A friend asked if I could do her a set of 6 Christmas gnomes as place settings for her Christmas dinner table. I hope she likes them.


----------



## rebrascora (Nov 11, 2020)

I am sure she will love them as will her guests! They are gorgeous!


----------



## Stitch147 (Dec 5, 2020)

I managed to get my hands on some slate roof tiles today to do some rather large rock painting. I've done this for the family that live opposite us.


----------



## Ditto (Dec 7, 2020)

Fab and funny.


----------



## Flower (Dec 7, 2020)

Brilliant Stitch, love the Christmas gnomes!


----------



## Stitch147 (Jan 17, 2021)

New door number signs done for our house and our friends who live opposite.


----------



## Stitch147 (Feb 27, 2021)

I've been doing a bit more rock painting and have just done a couple of "commissions" for people I work with.


----------



## trophywench (Feb 27, 2021)

Err, so IS that a unicorn, or an oss in a party at?


----------



## Stitch147 (Feb 27, 2021)

trophywench said:


> Err, so IS that a unicorn, or an oss in a party at?


I'm guessing unicorn. It's for one of my managers to give to her sons girlfriend from her 2 dogs! She sent me a picture to copy from a napkin.


----------



## Stitch147 (Feb 27, 2021)

This was the picture I was sent.


----------



## grovesy (Feb 27, 2021)

I think it is a unicorn.


----------



## trophywench (Feb 27, 2021)

I'm teetering on a preference of horse, in view of the party balloons and the cat also wearing a party hat.  OTOH as Equus' tail is rainbow hued, why not his unicorn horn too?

It's a worry and a puzzle as a colleague used to say when it was neither!


----------



## Stitch147 (Mar 15, 2021)

Just finished painting some beach huts on a slate roof tile. Now starting on a lighthouse.


----------



## trophywench (Mar 17, 2021)

Oooh - what/who surprised Crabby?

Is it a naturist beach - or something else?


----------



## Stitch147 (Mar 17, 2021)

trophywench said:


> Oooh - what/who surprised Crabby?
> 
> Is it a naturist beach - or something else?
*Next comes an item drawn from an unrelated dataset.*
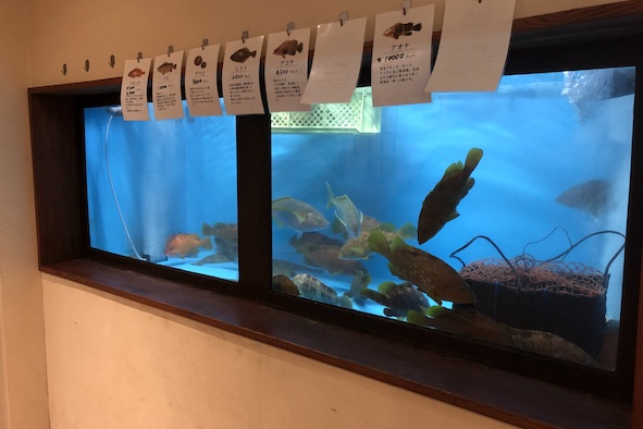 泳ぐ魚を見ながらお食事を楽しんでいただけます。

Haha! I just thought it needed something along the bottom and just googled nautical images and it popped up.


----------



## trophywench (Mar 17, 2021)

LOL - I love him anyway!


----------



## Stitch147 (Mar 21, 2021)

Lighthouse done to go with my beach huts.


----------



## trophywench (Mar 21, 2021)

Has the lighthouse keeper got a sideline as a pawnbroker then?  Does Trinity House know?


----------



## Ditto (Mar 25, 2021)

I luv that. So neat.


----------



## Stitch147 (Apr 27, 2021)

Got a bit creative on Saturday and painted a few more pieces of slate.


----------



## Stitch147 (May 16, 2021)

A few more rocks done today.


----------



## trophywench (May 17, 2021)

Love all of them!


----------



## Ditto (May 18, 2021)

LOL luv that last especially.  So neat! I know nothing about art but I know what I like.


----------



## Inka (May 19, 2021)

They’re so lovely @Stitch147  Such good designs, beautiful colours, and so neat!


----------



## Stitch147 (May 23, 2021)

Done a bit of running around today, getting cat food and chores etc. But I really wanted to paint some of my lovely new rocks. I did just the one today. Hopefully do a few more Wednesday on my next day off.


----------



## Leadinglights (May 23, 2021)

Stitch147 said:


> Done a bit of running around today, getting cat food and chores etc. But I really wanted to paint some of my lovely new rocks. I did just the one today. Hopefully do a few more Wednesday on my next day off.
> View attachment 17140


They are absolutely fabulous. My sister in law also does rock painting, but I'll stick to my stained glass.


----------



## Ljc (May 23, 2021)

I luv em all


----------



## Stitch147 (May 24, 2021)

A couple more done today.


----------



## Stitch147 (May 24, 2021)




----------



## Stitch147 (May 24, 2021)




----------



## Ditto (May 25, 2021)

Lol @ free hugs. These are lovely.


----------



## Stitch147 (May 26, 2021)




----------



## Stitch147 (May 26, 2021)

A few more cute food themed rocks today. I enjoy doing these.


----------



## Stitch147 (Jun 5, 2021)

A few more done today. Need to sort out some more rocks.


----------



## Stitch147 (Jun 6, 2021)




----------



## Stitch147 (Jun 7, 2021)

Done this for my Strollercise instructor. It's the logo they use. Won't be able to give it to her until next Saturday. Hope she likes it.


----------



## runner (Jun 8, 2021)

Lovely idea and so kind. Hope it made people happy


----------



## Stitch147 (Jun 19, 2021)

My Strollercise class leader loved the rock.
Here's a few more recent ones.


----------